- Task instructions:
Reproduce every line of the material below, but drop the pictures.

==== Supplied material ====

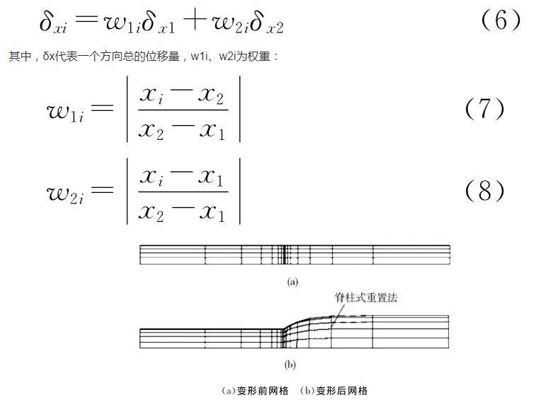 在數(shù)值模擬時,熔體自由表面在模擬的過程中會發(fā)生變形,自由表面的網(wǎng)格會因為自由表面位置的變化而發(fā)生變化。此時,需要采用網(wǎng)格重置技術(shù)。網(wǎng)格重置可以根據(jù)邊界點的位置的變化重新定位內(nèi)部網(wǎng)格節(jié)點。Spine法是一種比較簡單,適用于二維擠出成型的網(wǎng)格重置方法。其網(wǎng)格節(jié)點是沿著線性進(jìn)行重新組織的,如圖3所示。節(jié)點的位置確定是按照一維方式進(jìn)行邏輯排列的,這就像是對二維平面進(jìn)行切片,切片的方式是沿著自由表面或者移動邊界的法向方向,從而得到最終的網(wǎng)格。Spine法是線性組織的,并且在每個線段的端點處都有相應(yīng)的節(jié)點。假設(shè)x1、x2是線段的2個端點。按照Spine法的規(guī)則,內(nèi)部節(jié)點的位移數(shù)學(xué)表達(dá)式為:
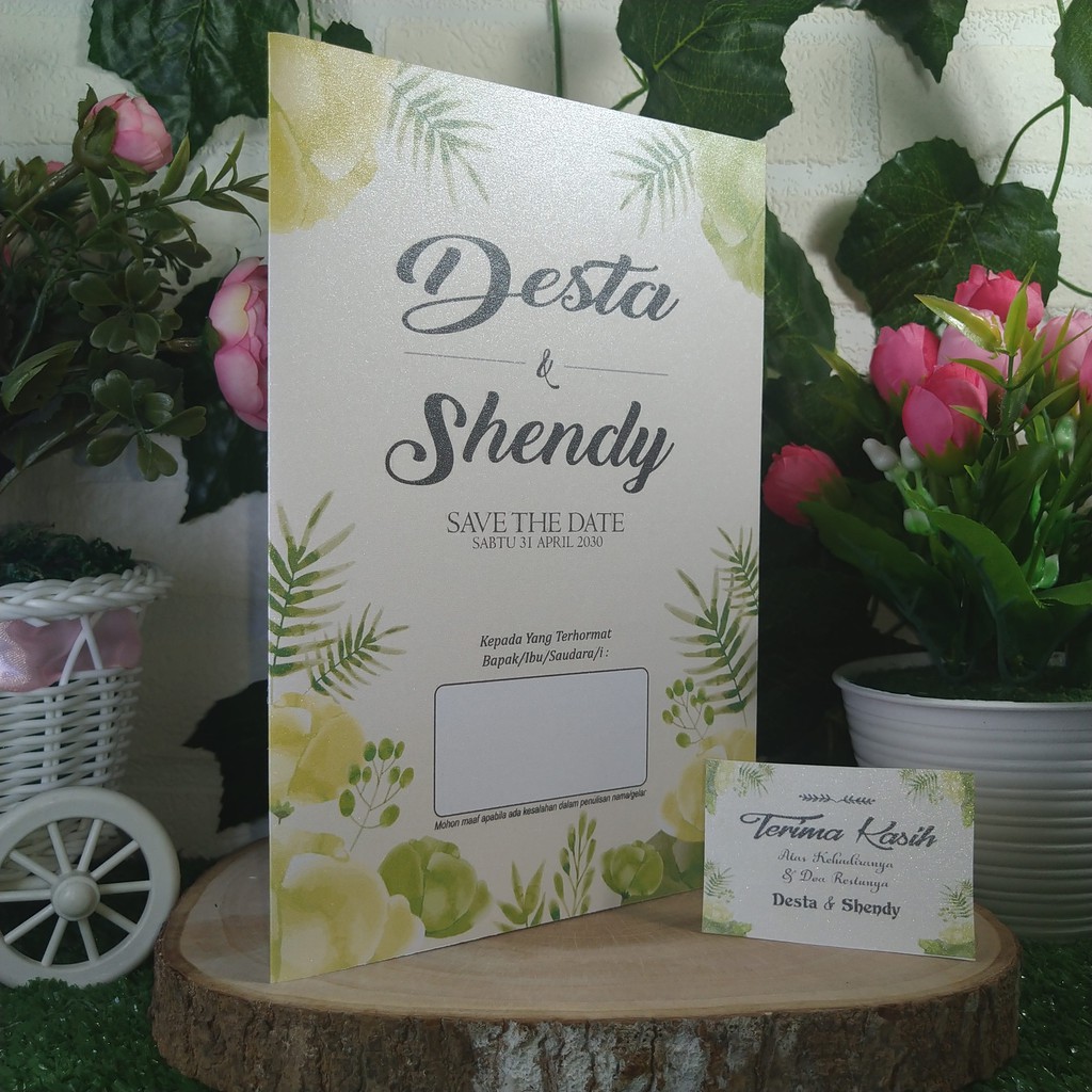 Kartu undangan pernikahan motif bunga hijau simple elegant mewah murah cepat tebal | Shopee Indonesia
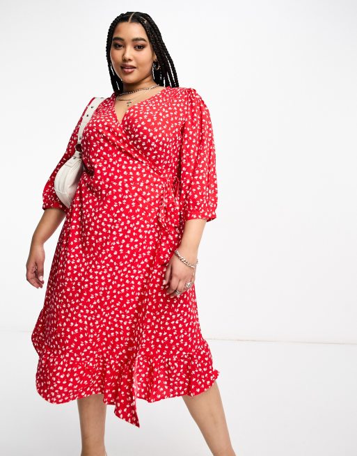 Only Curve puff sleeve wrap midi dress in red floral ASOS Very well made.

====

- Finished exercise:
 在數(shù)值模擬時,熔體自由表面在模擬的過程中會發(fā)生變形,自由表面的網(wǎng)格會因為自由表面位置的變化而發(fā)生變化。此時,需要采用網(wǎng)格重置技術(shù)。網(wǎng)格重置可以根據(jù)邊界點的位置的變化重新定位內(nèi)部網(wǎng)格節(jié)點。Spine法是一種比較簡單,適用于二維擠出成型的網(wǎng)格重置方法。其網(wǎng)格節(jié)點是沿著線性進(jìn)行重新組織的,如圖3所示。節(jié)點的位置確定是按照一維方式進(jìn)行邏輯排列的,這就像是對二維平面進(jìn)行切片,切片的方式是沿著自由表面或者移動邊界的法向方向,從而得到最終的網(wǎng)格。Spine法是線性組織的,并且在每個線段的端點處都有相應(yīng)的節(jié)點。假設(shè)x1、x2是線段的2個端點。按照Spine法的規(guī)則,內(nèi)部節(jié)點的位移數(shù)學(xué)表達(dá)式為:
 Kartu undangan pernikahan motif bunga hijau simple elegant mewah murah cepat tebal | Shopee Indonesia
 Only Curve puff sleeve wrap midi dress in red floral ASOS Very well made.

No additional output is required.